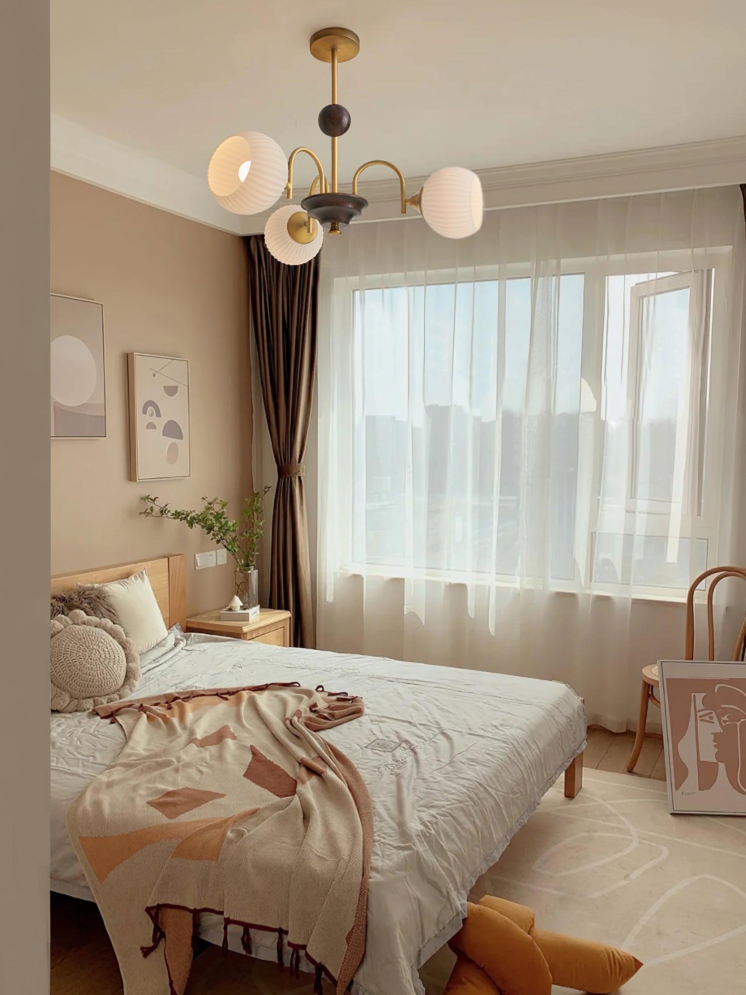 Light diffuses through rice paper shades, casting a soft, ethereal glow—delicate and calming.
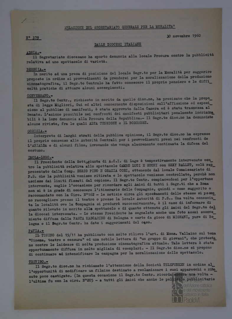 "Relazione del Segretariato Generale per la Moralità. Nr. 379"
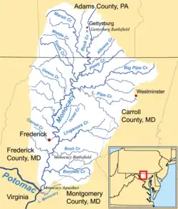 Ewell begyndte at krydse Potomacfloden ved Hagerstown, Maryland sent den 15. juni sammen med Jenkinss kavaleribrigade. Hills og Longstreets korps fulgte den 24. og 25. juni.[20]
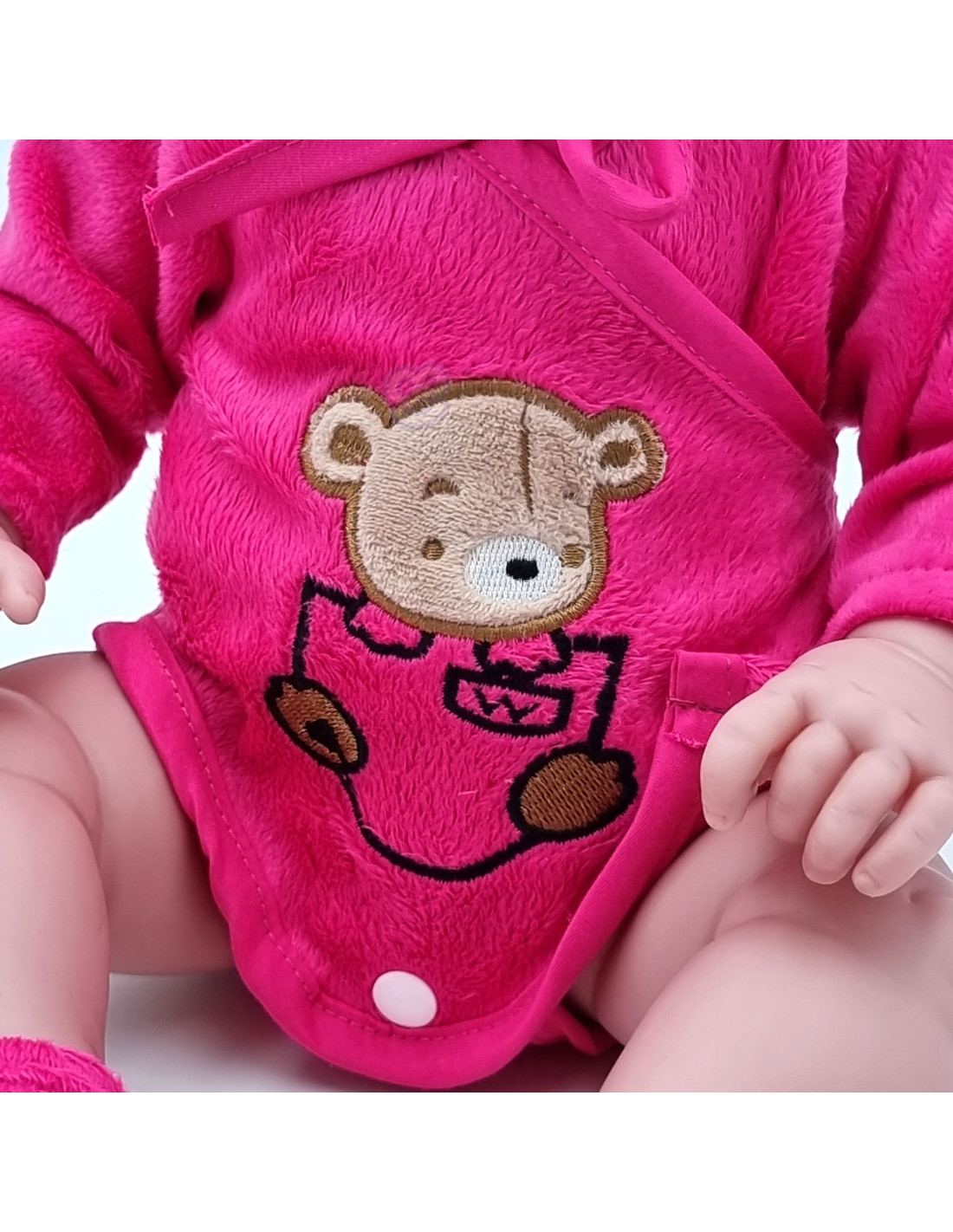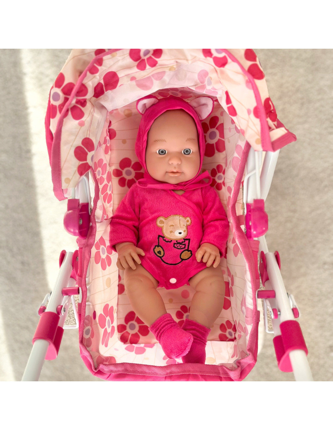 This Woopie baby doll will make every child fall in love! The baby is 46 cm tall and comes dressed in a bodysuit with a hood and booties . The doll has movable limbs, allowing it to be placed in a sitting or standing position. Playing with the doll helps children develop a sense of empathy and responsibility . This adorable little doll needs lots of care and love . The toy is made with great care , faithfully reproducing the appearance of a real baby, meticulously crafted down to the smallest detail, and the material is incredibly soft to the touch!
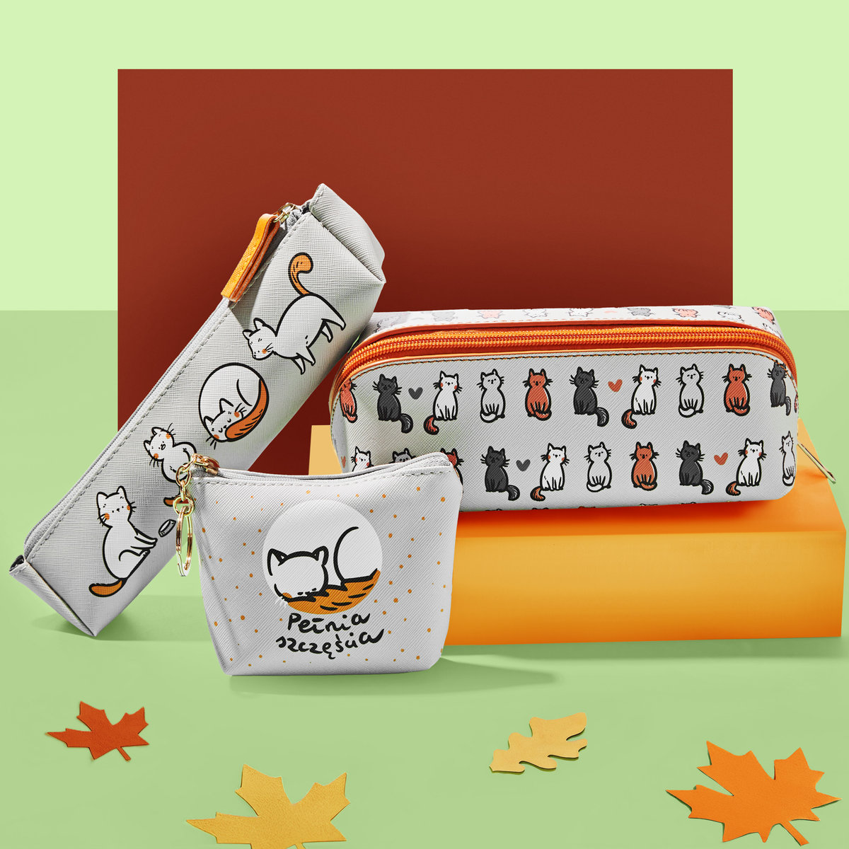 Wśród propozycji znajdziesz poduszki, koce, termofory i ogrzewacze. Ceramiczne kubki i szklanki z kocim bohaterem sprawią, że poranna herbata będzie jeszcze przyjemniejsza. Dla miłośników gadżetów: kosmetyczki, lunchboxy i termosy z ilustracjami. Artystyczne dusze ucieszą się z notesów, piórników, zakładek i długopisów Nie zabrakło też uroczych drobiazgów: naklejek, przypinek i breloków, kartek okolicznościowych,torebek prezentowych z kotem i zabawnymi tekstami.
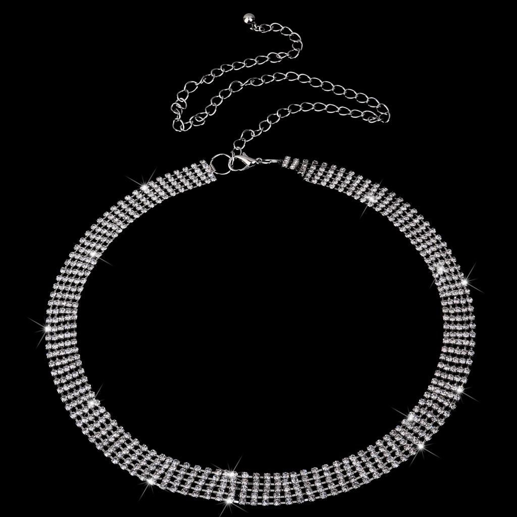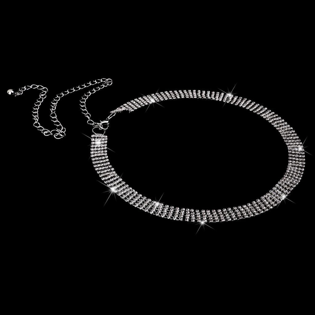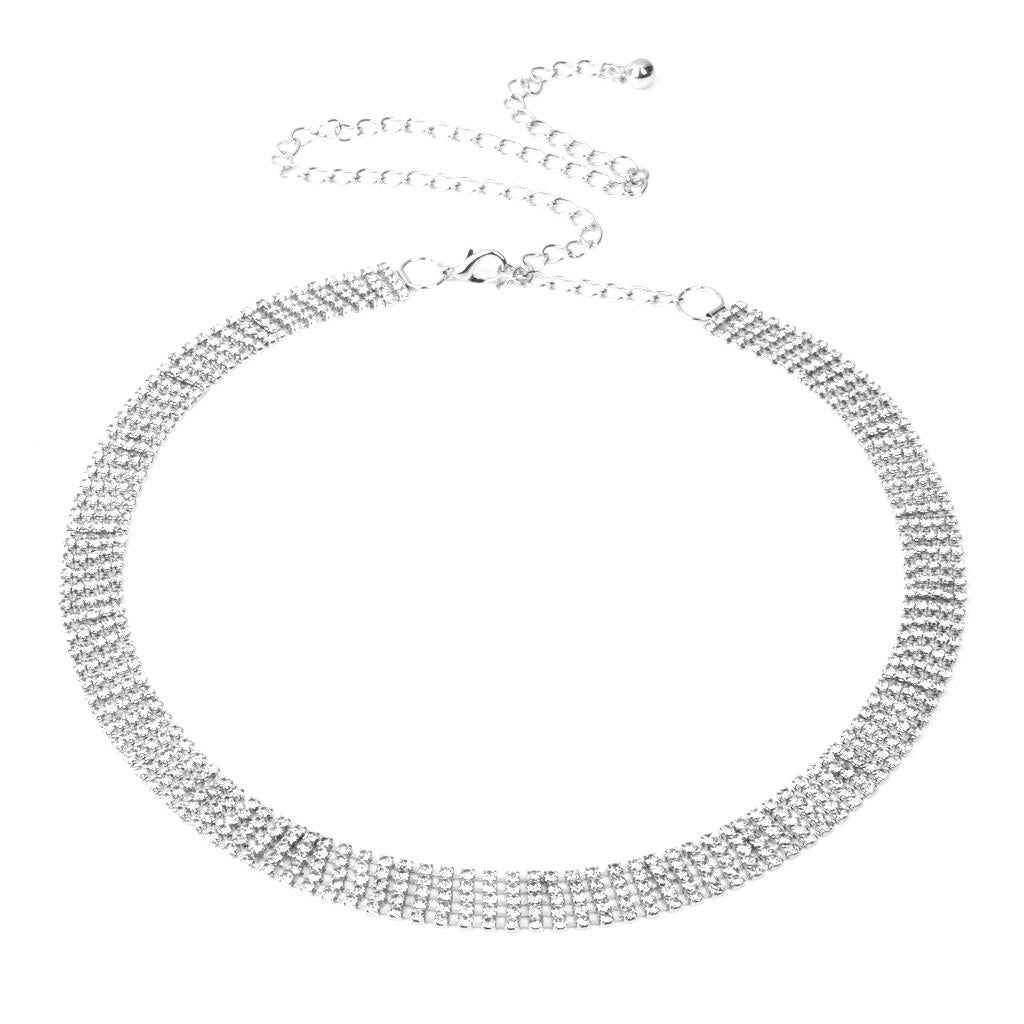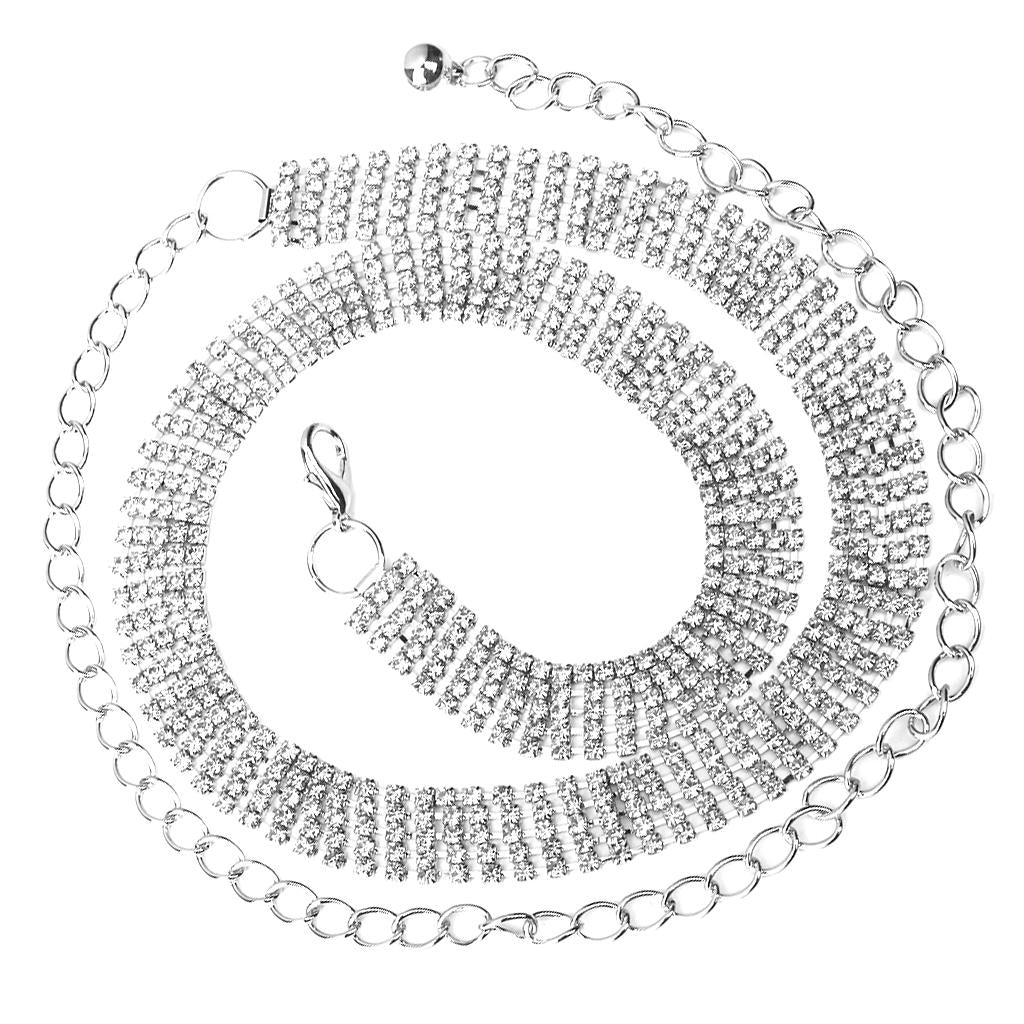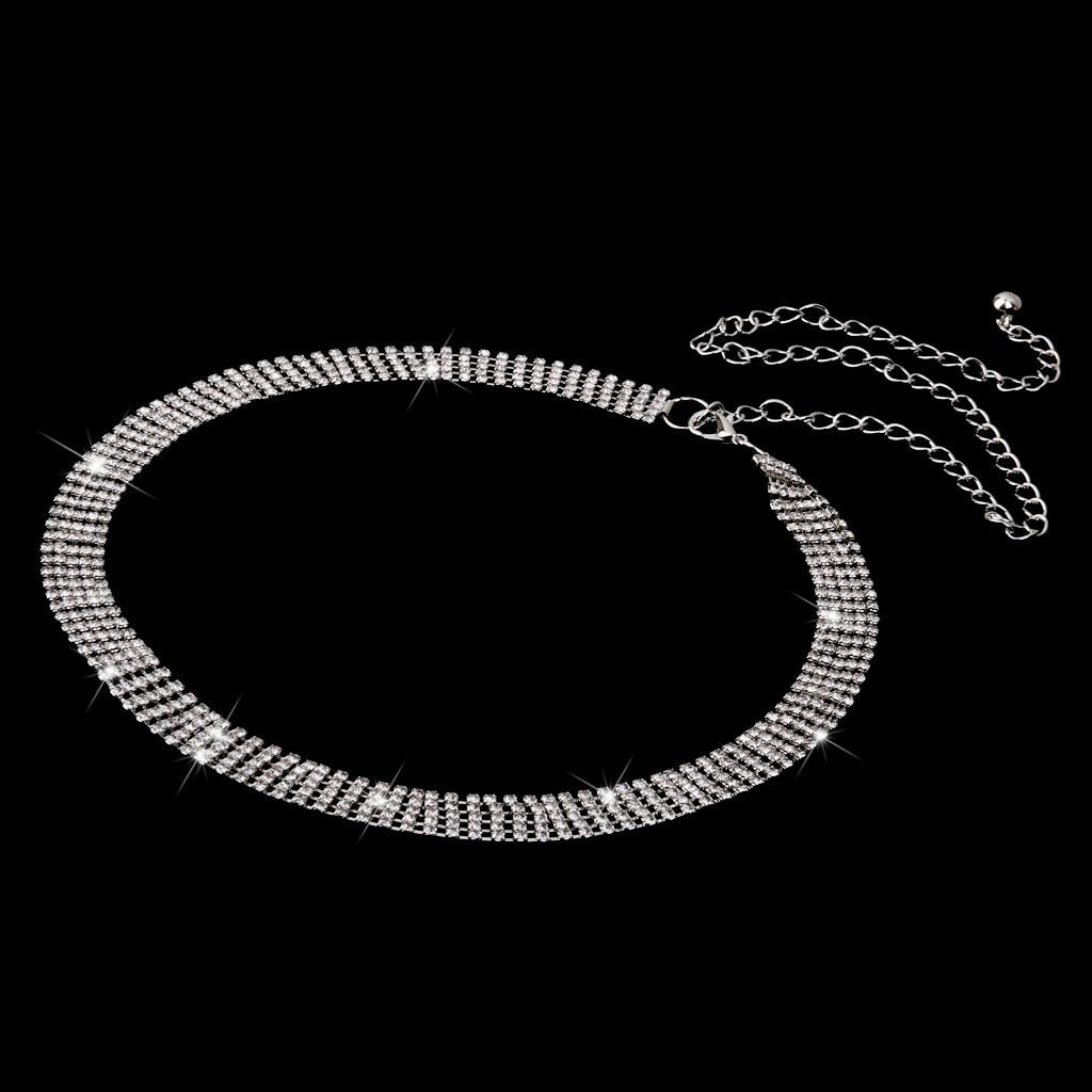 Women'S Hip Waist 5 Rows Crystal Rhinestone Chains Belt Bikini Dress Belt
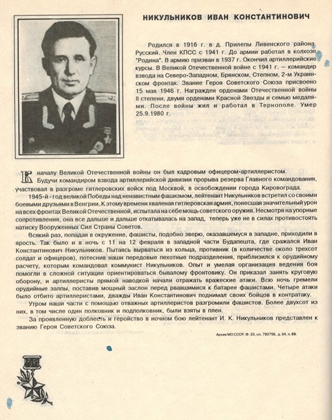 Мемориальная доска с именем Героя Советского Союза Никульникова Ивана Константиновича
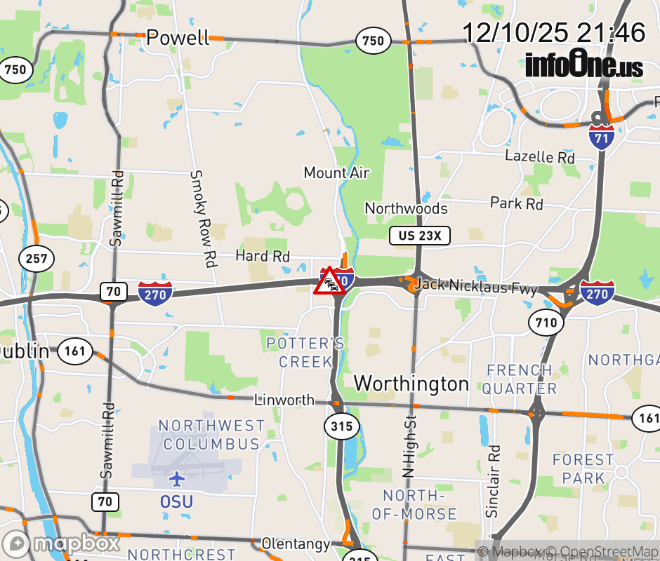 The left lane is closed on Ramp I-270 West to SR-315 South beyond I-270, due to snow/ice. Updated: Wed 12/10/25 9:46 PM EST ![]() Updated: Wed 12/10/25 9:46 PM EST |
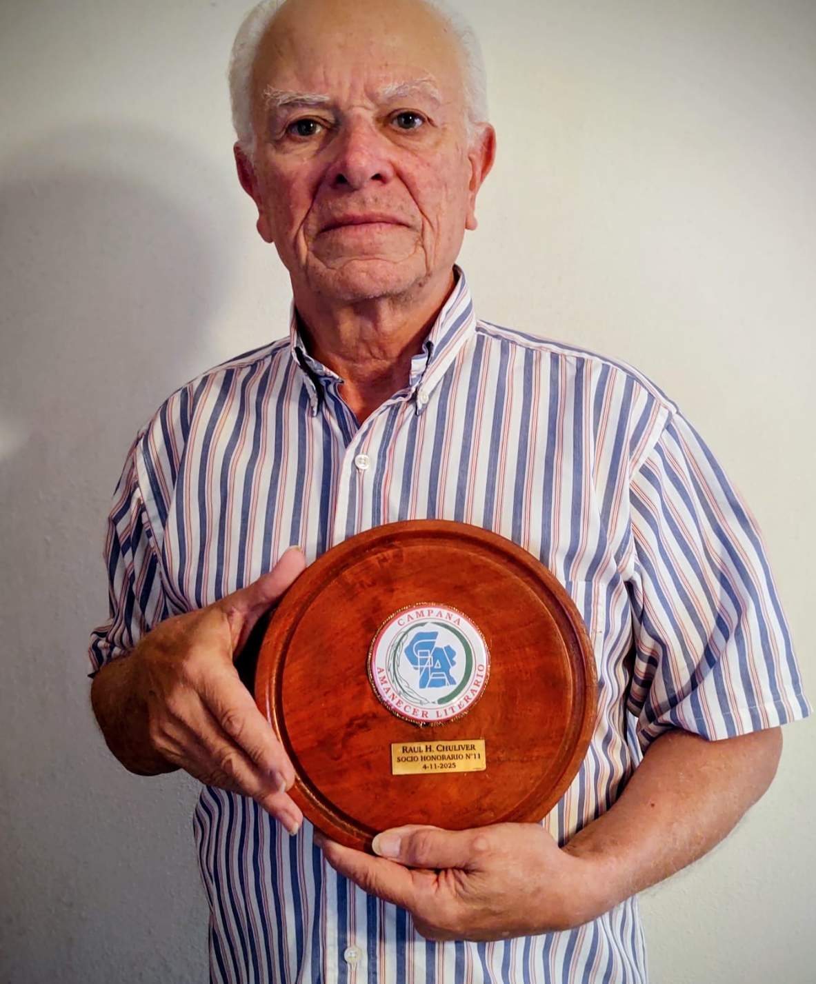 Uno de los momentos más destacados de la noche fue la distinción de Chuliver como Socio Honorario Nº 11, en reconocimiento a su permanente acompañamiento a la entidad desde sus inicios. Como parte del homenaje, se llevó a cabo la firma del Libro de Oro, preparado especialmente por la socia Adelina Fontanella.

EXERCISE BRIEF:
Working from the line that contains "Мемориальная доска с" to the last line of the listing, please quote each line exactly, pictures excluded.

THE COMPLETED TASK:
 Мемориальная доска с именем Героя Советского Союза Никульникова Ивана Константиновича
 The left lane is closed on Ramp I-270 West to SR-315 South beyond I-270, due to snow/ice. Updated: Wed 12/10/25 9:46 PM EST ![]() Updated: Wed 12/10/25 9:46 PM EST |
 Uno de los momentos más destacados de la noche fue la distinción de Chuliver como Socio Honorario Nº 11, en reconocimiento a su permanente acompañamiento a la entidad desde sus inicios. Como parte del homenaje, se llevó a cabo la firma del Libro de Oro, preparado especialmente por la socia Adelina Fontanella.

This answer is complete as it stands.